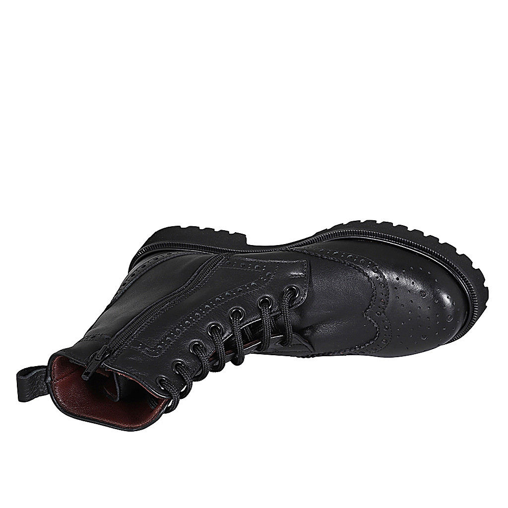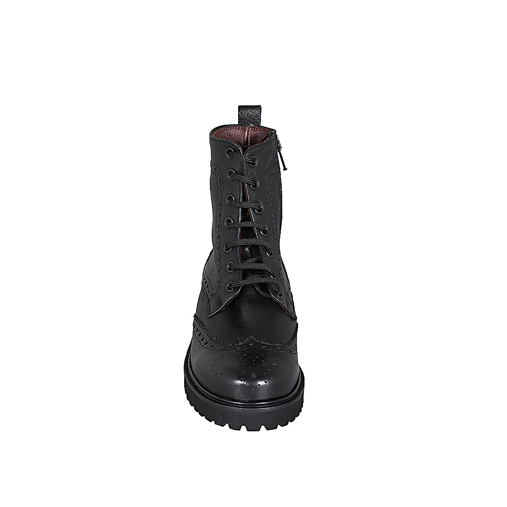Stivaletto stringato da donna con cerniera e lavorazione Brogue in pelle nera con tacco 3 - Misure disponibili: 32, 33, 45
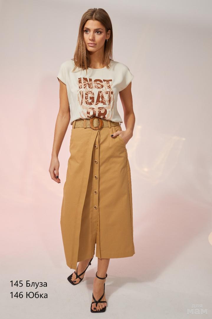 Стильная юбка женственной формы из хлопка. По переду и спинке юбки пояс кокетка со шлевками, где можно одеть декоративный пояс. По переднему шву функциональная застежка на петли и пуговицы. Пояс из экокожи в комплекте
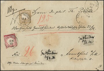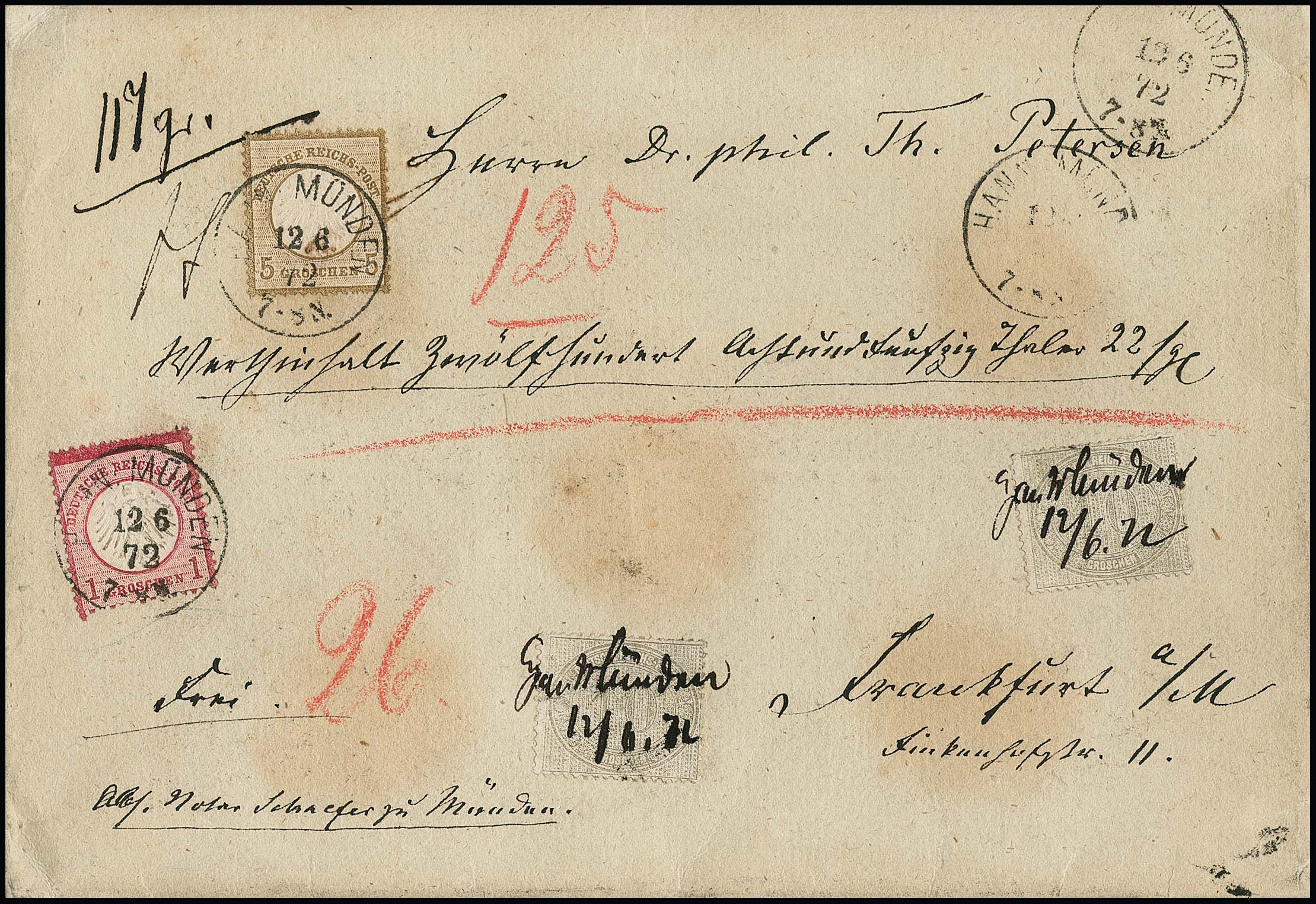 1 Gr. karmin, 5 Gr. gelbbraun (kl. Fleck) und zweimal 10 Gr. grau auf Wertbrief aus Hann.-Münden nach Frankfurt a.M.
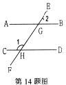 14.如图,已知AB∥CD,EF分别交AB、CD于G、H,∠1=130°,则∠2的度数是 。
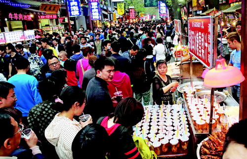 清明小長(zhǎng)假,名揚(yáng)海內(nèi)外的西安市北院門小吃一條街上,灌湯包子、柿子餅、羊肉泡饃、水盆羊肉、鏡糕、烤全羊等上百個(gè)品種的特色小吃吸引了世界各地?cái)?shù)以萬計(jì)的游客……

---

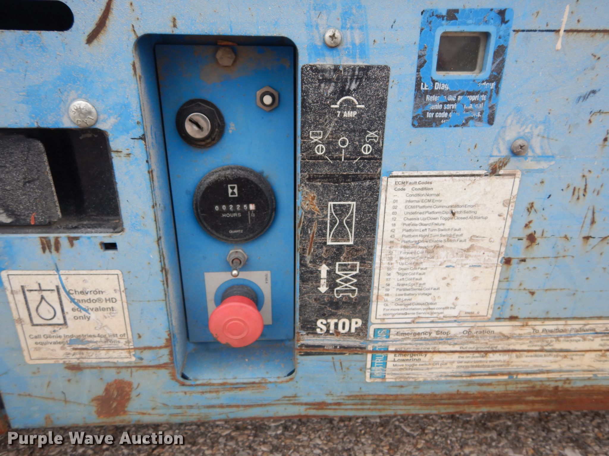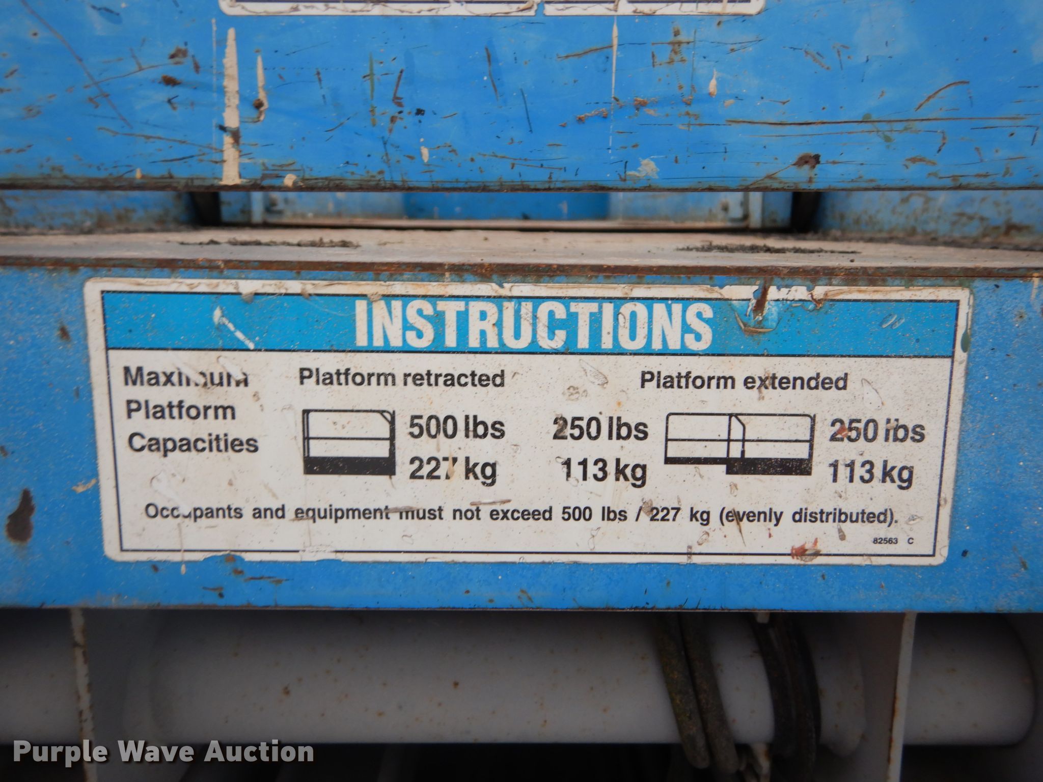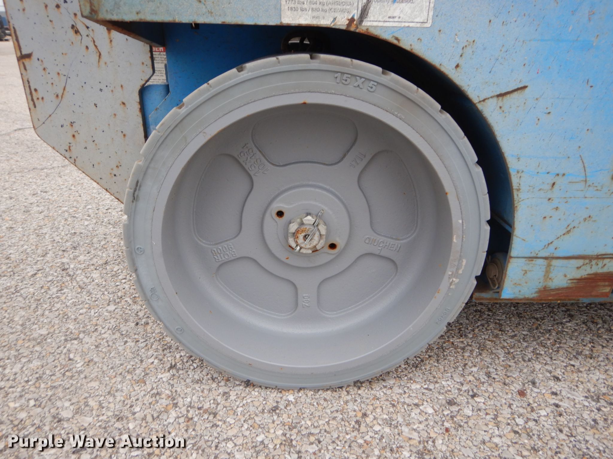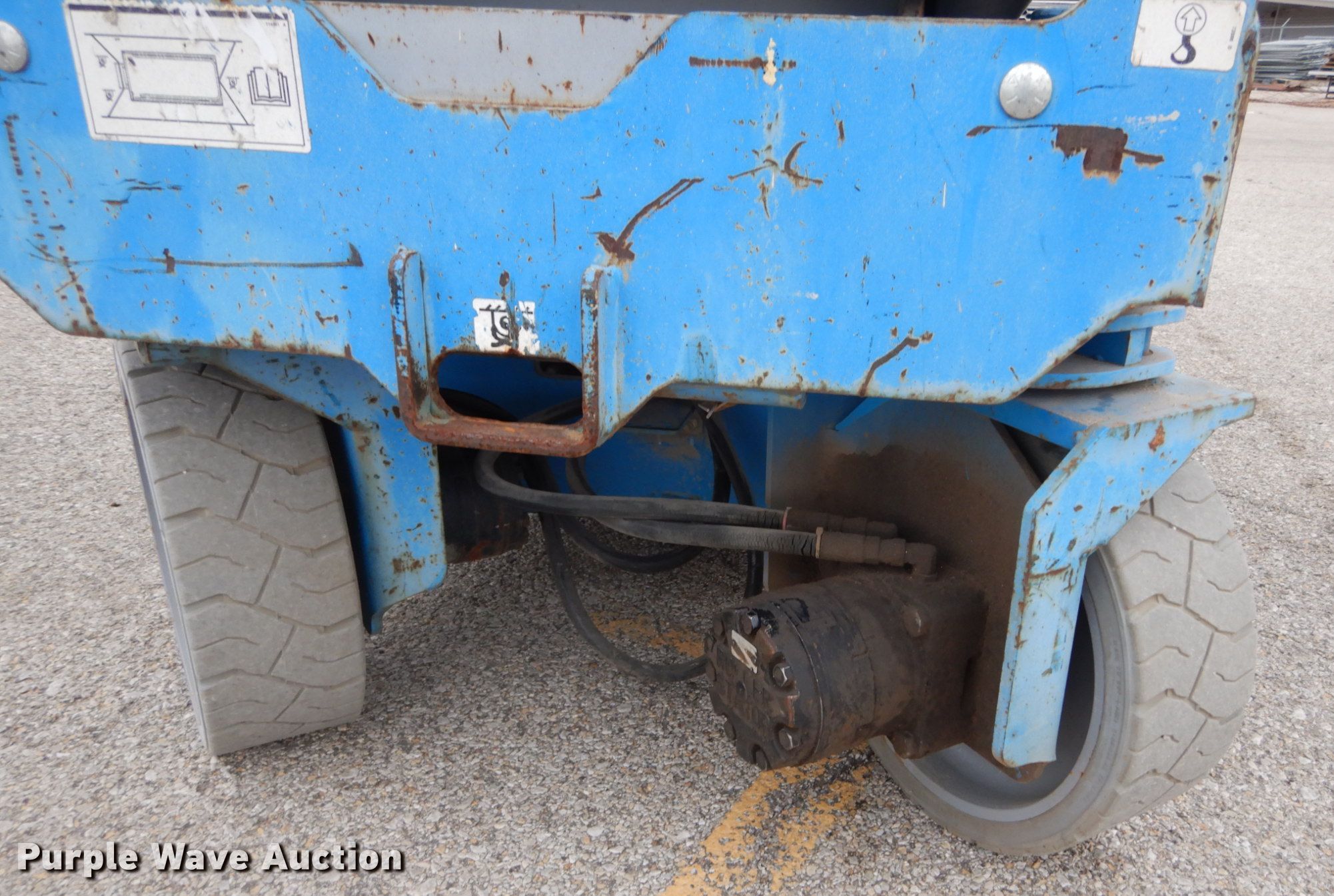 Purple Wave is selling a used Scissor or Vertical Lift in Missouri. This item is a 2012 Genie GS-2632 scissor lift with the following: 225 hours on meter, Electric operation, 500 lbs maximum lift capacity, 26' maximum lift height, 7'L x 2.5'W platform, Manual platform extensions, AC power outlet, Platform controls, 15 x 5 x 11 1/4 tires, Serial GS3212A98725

* [WHAT YOU WILL DO]:
From the material above, reproduce only what runs from the line holding "Stivaletto stringato da" down to the line holding "14.如图,已知AB∥CD,EF分别交A", both included, pictures excluded.

* [EXPECTED ANSWER]:
Stivaletto stringato da donna con cerniera e lavorazione Brogue in pelle nera con tacco 3 - Misure disponibili: 32, 33, 45
 Стильная юбка женственной формы из хлопка. По переду и спинке юбки пояс кокетка со шлевками, где можно одеть декоративный пояс. По переднему шву функциональная застежка на петли и пуговицы. Пояс из экокожи в комплекте
 1 Gr. karmin, 5 Gr. gelbbraun (kl. Fleck) und zweimal 10 Gr. grau auf Wertbrief aus Hann.-Münden nach Frankfurt a.M.
 14.如图,已知AB∥CD,EF分别交AB、CD于G、H,∠1=130°,则∠2的度数是 。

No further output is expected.